Tesla horror stories are out there already of expensive battery replacements being the only official option to repair a damaged plumbing fitting.
And that plastic manifold from Porsche looks great in a picture. It also looks like a part that will turn an otherwise simple pump or valve replacement into a nightmare when that plastic gets a little brittle and one of the ports snaps off. That replacement manifold will be hard to find or expensive to purchase (quite possibly both).
Watch some of Munro and team’s videos, they almost never comment on (or seem to care about) repairability, just manufacturing costs. They love adhesives and hate fasteners. I like some of what they do, but they seem to be fully on the side of “car as disposable consumer product”.
That was my first reaction too, and I often criticize Munro for ignoring repairability concerns (which, to be fair, is not their job. They’re all about reducing manufacturing cost). However, in this case I’m not positive that separate valves are actually better from a repairability perspective. Once the valves start to go bad (which they will), you’re going to end up playing whack-a-mole with bad valves. If you’re lucky the valves each throw a separate code so you know which one went bad (and you’ll probably need a dealer computer to get this code), if you’re not they’ll all set the same code and you have to test them individually. Either way, once you replace one 10 year old valve, chances are another one will fail in another year or two, and another a year or two after that, and so on until you have 10 different ages of valve and there’s a constant stream of failures happening.
If they’re all integrated into one part you just replace the one part, which admittedly will cost more up front, but now you’re good for the next 10 years again. And yeah, you could do the same with the individual valves and just replace them all at the same time, but then the cost benefit goes away and you have more labor because they’re all individual parts.
It’s similar to my philosophy on battery modules. Yes, you can replace individual modules as they go bad, but then you’re left with a battery still full of old modules waiting to die so you’re going to be replacing modules forever until you’ve replaced all of them anyway.

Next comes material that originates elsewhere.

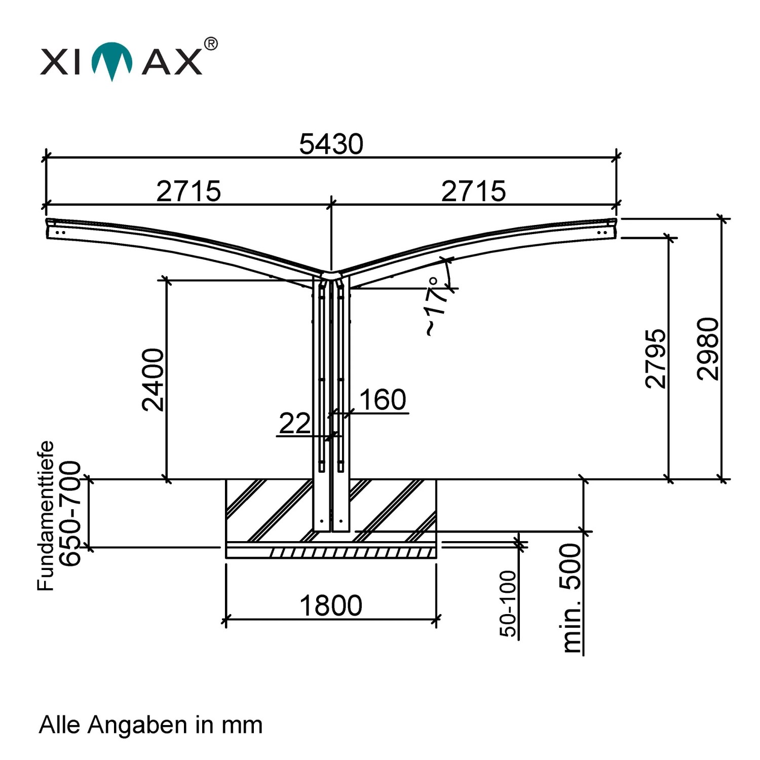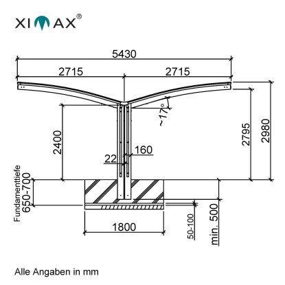 Ximax Alu přístřešek na 2 auta Portoforte Typ 80-Y vzhled oceli 543 x 495 cm

I’d much rather do the whole battery (and pay the labor cost) once. Plus then you aren’t driving around with a bunch of ticking timebombs waiting to strand you somewhere.
This may be true for the first out-of-warranty owner, where the car still has the value and remaining usefulness to justify replacing it all. The third owner may be replacing pumps / valves / hoses on an individual basis.
There are always outlier component that fail before their designed lifespan. If that happens to one pump or valve, I’d rather have the chance to replace it individually.
True, but how often does that happen? Those outlier failures are, by definition, rare. Is it worth designing something to slightly improve the .1% case or should it be designed for the 99.9%? And even if you have one of those failures it’s likely to be covered under warranty since (from what I understand, anyway) premature failures are vastly more common early in the lifespan of a product. They’re not evenly distributed.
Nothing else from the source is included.